Между тем, хорошо известно, что на 70-80 отечественных фильмов, различными путями достигающих зрителя в течение года, приходится 3-4 фильма, вышедших в ноль, и еще столько же, принесших прибыль. Картины типа “Обитаемого острова” стоят настолько дорого, что сама мысль о прибыли не может прийти в голову производителям. Федору Бондарчуку, не постеснявшемуся обозначить “Обитаемый остров” как оппозиционную картину, важно было заявить о себе как о масштабной фигуре, соразмерной своему отцу — некогда крупному функционеру советского кино. Масштаб пропорционален одним лишь инвестициям. Вопрос рентабельности не стоит. Коммерческий продукт оказывается неконкурентоспособным и выдается за большое искусство, не терпящее скупости. Другое дело — готовящиеся к выходу картины “История Арканарской резни” Алексея Германа и “Дау” Андрея Хржановского. Это проекты также дорогие, но более серьезные, весомо претендующие на место в истории кино еще до своей полной реализации. Их окупаемость не обсуждается, поскольку качество искупает все. Это своеобразный тоталитаризм от культуры, но пока он один и выручает российский кинематограф.
Российские авторские фильмы регулярно участвуют в международных кинофестивалях. В 2009 году “Волчок” Василия Сигарева после Гран-при “Кинотавра” получил награды в Дуоро (Португалия) и Цюрихе, “Сказки про темноту” Николая Хомерики тепло приняли в Каннах, “Царя” Павла Лунгина — в Венеции, а “Бубен. Барабан” Алексея Мизгирева получил “Серебряного леопарда” в Локарно. Тем не менее говорить о моде на русское авторское кино нельзя. Это не тренд. Российское кино по степени внимания, которое ему оказывают, несопоставимо с иранским, китайским, бразильским, румынским. Россия — отдельный и малонаселенный континент на карте мировой кинематографии. По темпам и количеству производства в предкризисные годы Россия вышла на показатели советского времени, хотя сейчас они, как представляется, надолго снизились. Россия не может и не должна ориентироваться на масштабы кинопроизводства США, Индии, Японии и таких привычных кинематографических стран, как Франция, Германия и Великобритания.
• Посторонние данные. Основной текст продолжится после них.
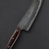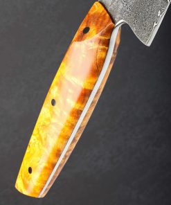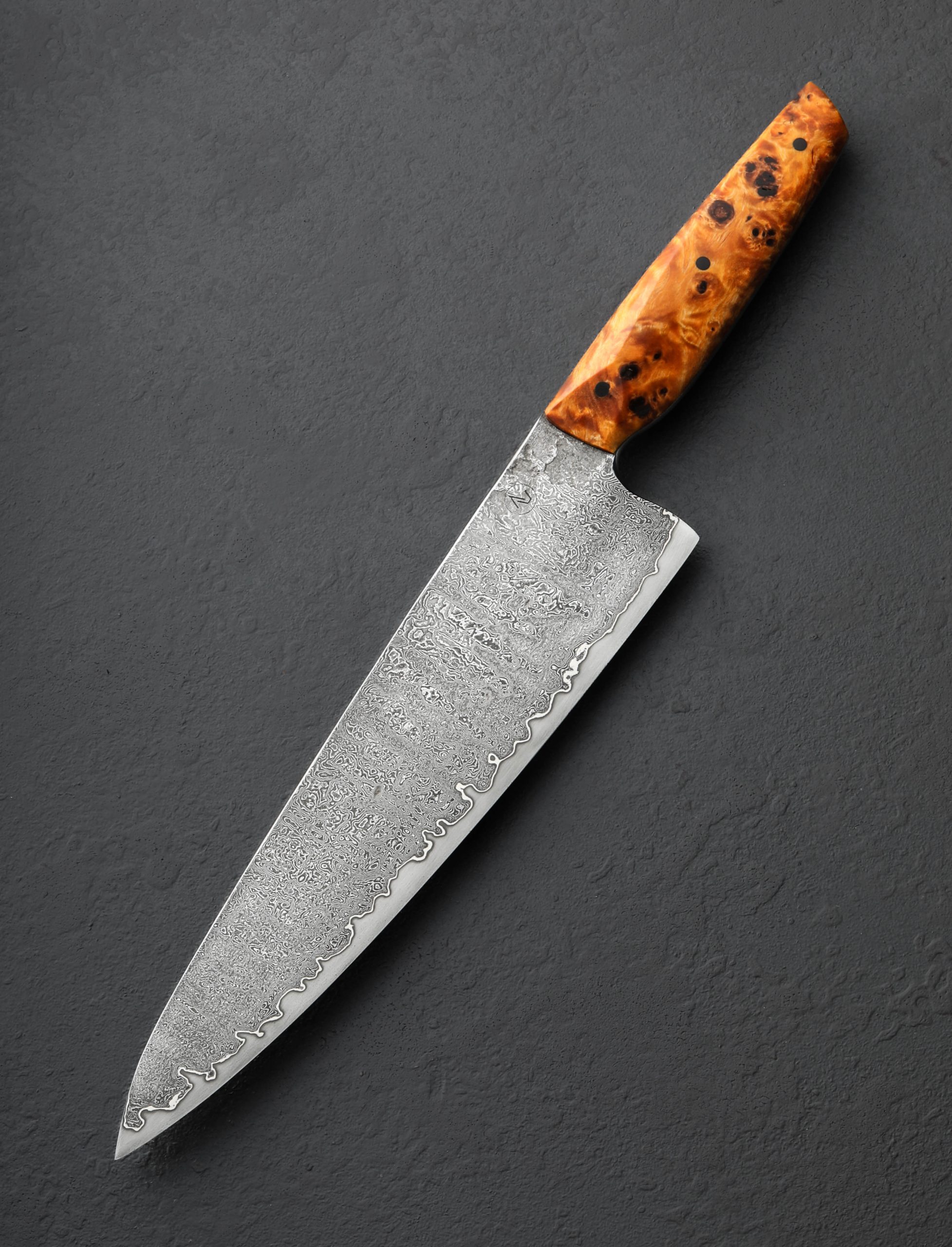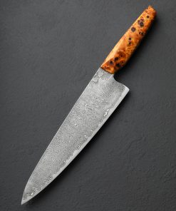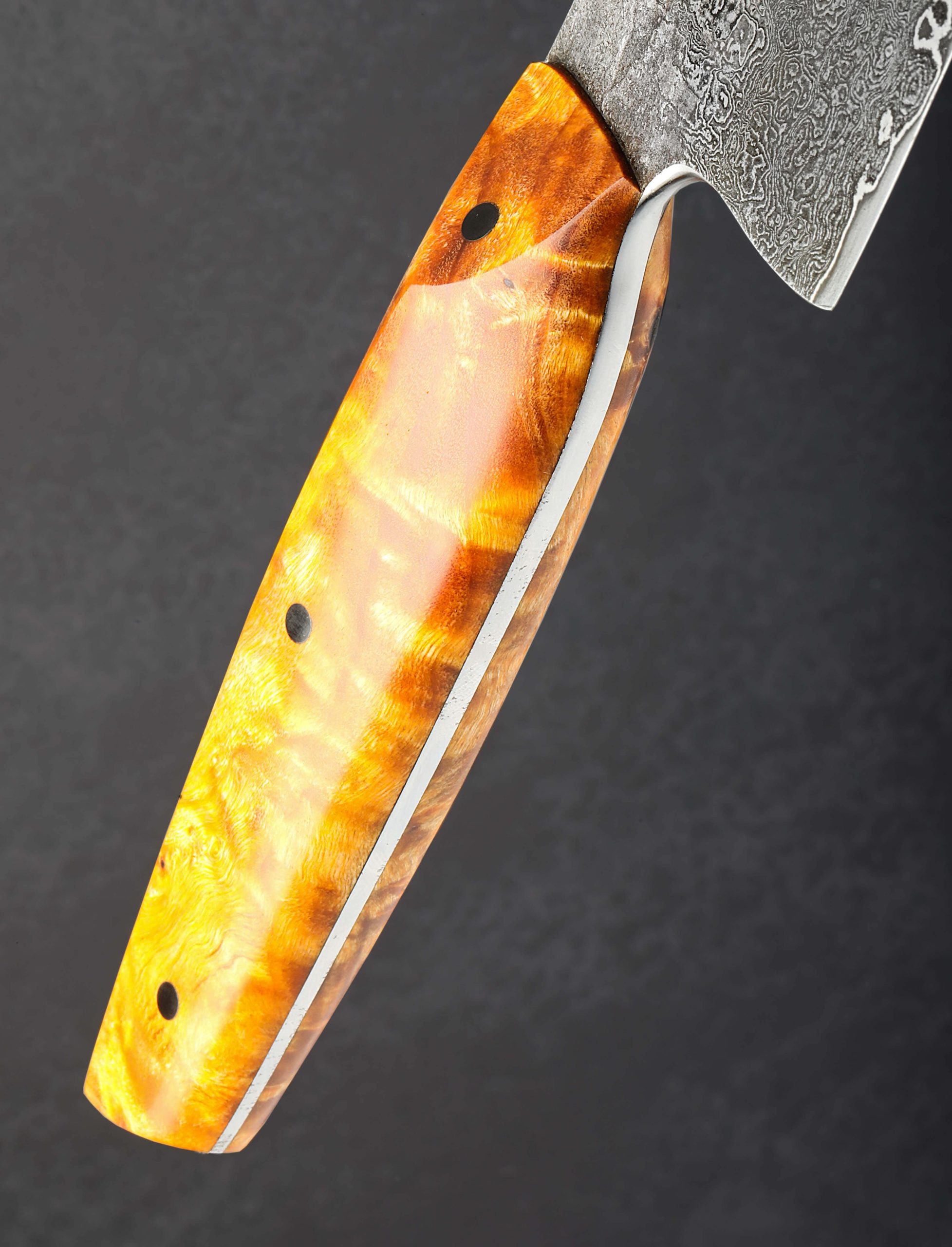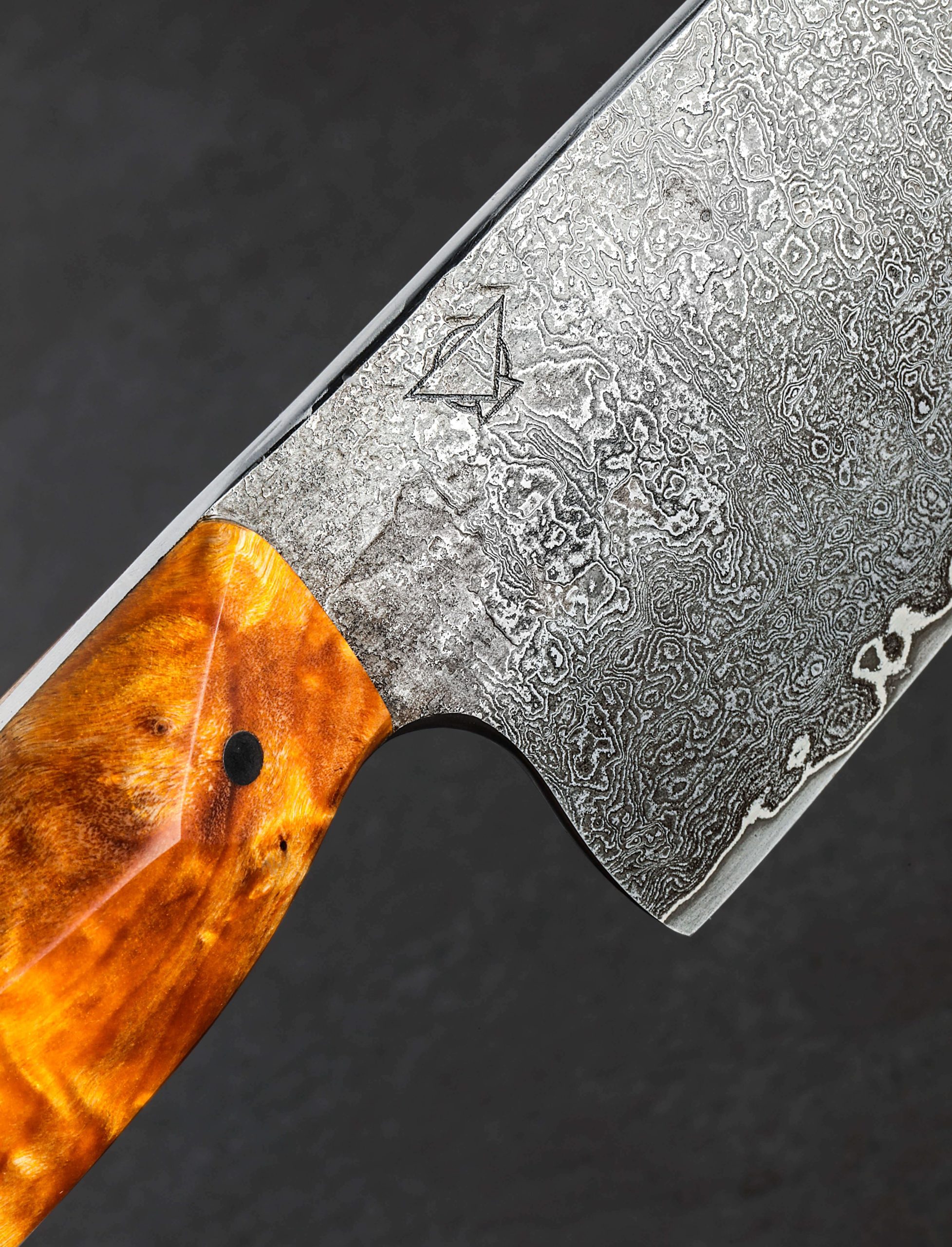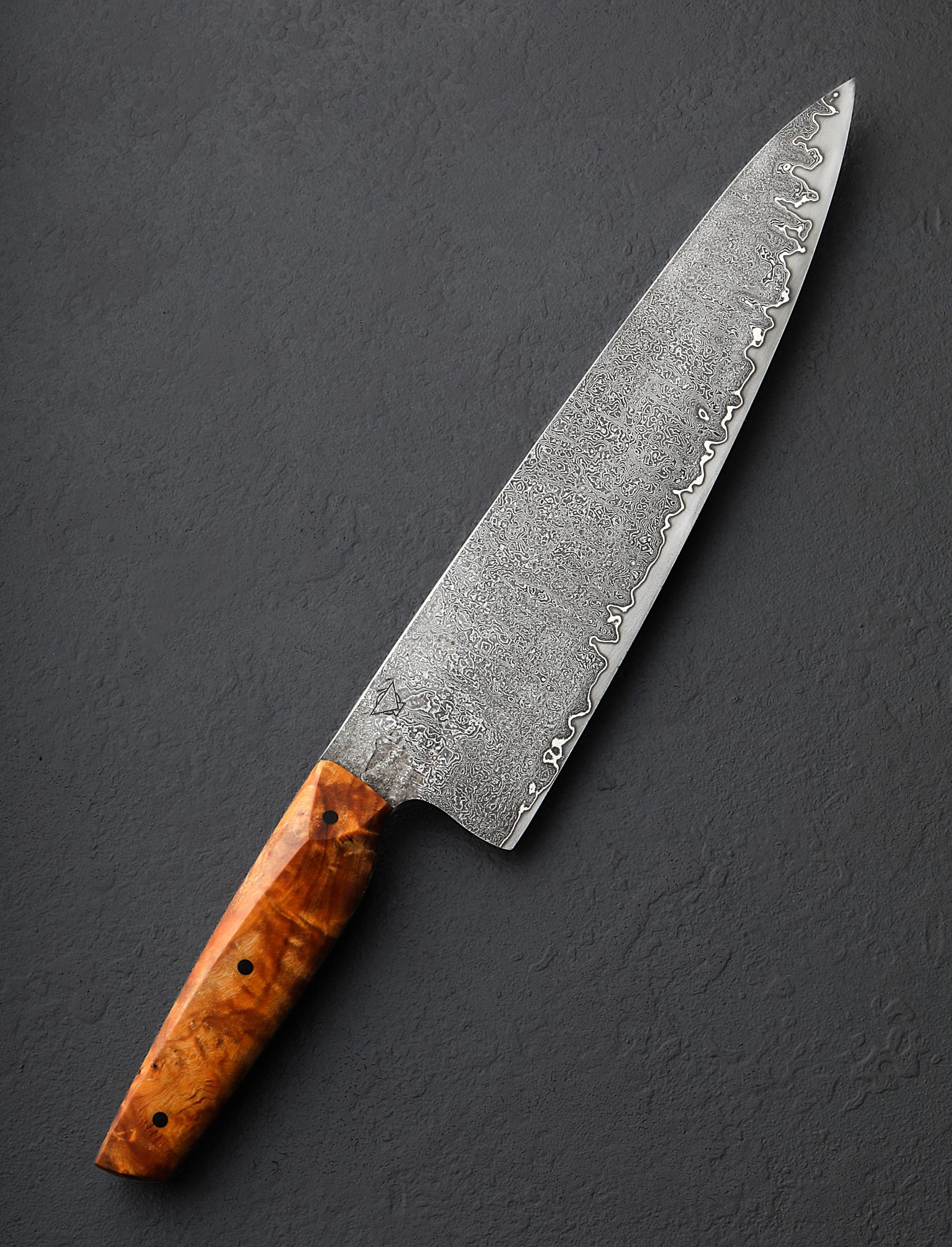Clad in striking, house-made damascus and pure nickel, this ApexUltra-core chef knife was forged by the talented and experienced hands of Austria’s Tobias Hangler. Tobias is the bladesmith and metallurgist, with a Masters in Metallurgy from Montan University, who worked to develop from the ground up the new, high-performance steel that forms the blade’s edge, and this one-of-a-kind tool is as purposefully designed as the material within it. Thin and razor sharp, the 235mm / 9.3″ edge sits below mid-high bevels that boast Tobias’ super convex geometry. The dense, random-pattern damascus transitions to the silky, satin-finished ApexUltra core through a layer of nickel that inhibits carbon diffusion out of the hard, monosteel edge during forging and heat treatment. A dynamic and versatile kitchen workhorse that balances less than an inch in front of the 57mm-tall heel delivers 9.3oz / 264g of wood and steel, imbuing power and control on the cutting board. The flush blade tang tapers backward through the handle for balance, becoming rounded and polished above a matching choil where the spine again begins to taper distally toward the tip, from 4mm, to around 2.4mm at the midpoint, to barely 1mm at the one-inch mark, and still thinner to a glass-thin, needle-like culmination perfect for detail work and precision slicing. A simply shaped, beautifully finished full-tang handle of poplar burl completes the package.

Кино России не отличается ни новизной формальных решений, как это было в революционном авангарде 1920-х годов, ни универсальностью послания, на которую претендовало в 1970-е годы искусство Андрея Тарковского.
События в нынешнем российском кино — это более или менее камерные вещи, своего рода ощупывание повседневности, поиск путей из тупика, образовавшегося вследствие несоответствия амбиций страны и ее возможностей. Если не брать в расчет классиков, сформировавшихся еще в советские годы (упомянутые Герман и Муратова, а также Александр Сокуров), заметными фигурами в киноискусстве стали Алексей Балабанов и Алексей Учитель. Показательно, что они замкнуты только на российских реалиях — первый в большей, второй в меньшей степени. Показательно, что их не волнует степень конвертируемости их продукта за пределами страны. Они — типичные представители последнего чисто советского поколения, достигшего зрелости уже в новое время и пережившего с ним все тяготы первоначальной адаптации. Их фильмы — ценный культурно-антропологический документ, чья нетривиальность нейтрализуется высокой герметичностью. Сочетание визуального эстетства с умеренными дозами глубокомыслия отличает такого фаворита европейских продюсеров, как Андрей Звягинцев, но он, в свою очередь, совсем не интересует отечественного зрителя, не обеспечившего даже трети от зарубежных сборов “Изгнания” (тоже, впрочем, ничтожных).
Сейчас то и дело раздаются возгласы о необходимости “нового прорыва”, “возвращения российским кино утраченных позиций” и тому подобные риторические призывы. Это делают разные люди — от директора “Мосфильма”, некогда крепкого профессионала Карена Шахназарова, ныне более чем посредственно осваивающего бюджеты фильмов, вроде недавней “Палаты № 6”, до вечного председателя Союза кинематографистов РФ Никиты Михалкова, которому имущественные скандалы никак не оставляют времени для завершения второй части “Утомленных солнцем”. Призывы кого-то догонять и кому-то что-то доказывать — уже повод для беспокойства. Вдобавок озвучивают их люди, давно не имеющие прямого отношения к актуальному кинематографу. В итоге сама идея быстрой модернизации отрасли и появления нового поколения Эйзенштейнов и Вертовых кажется столь же комичной, как и попытки снять “настоящий российский блокбастер” и, наконец, сделать “не хуже, чем в Америке”. В обоих случаях источником сил становится злость на собственный провинциализм, которая способна, скорее, подточить веру в себя и усилить поиски внутренних и внешних врагов. Никто же из патриотов не сомневается, что наших спортсменов специально засуживают на международных соревнованиях!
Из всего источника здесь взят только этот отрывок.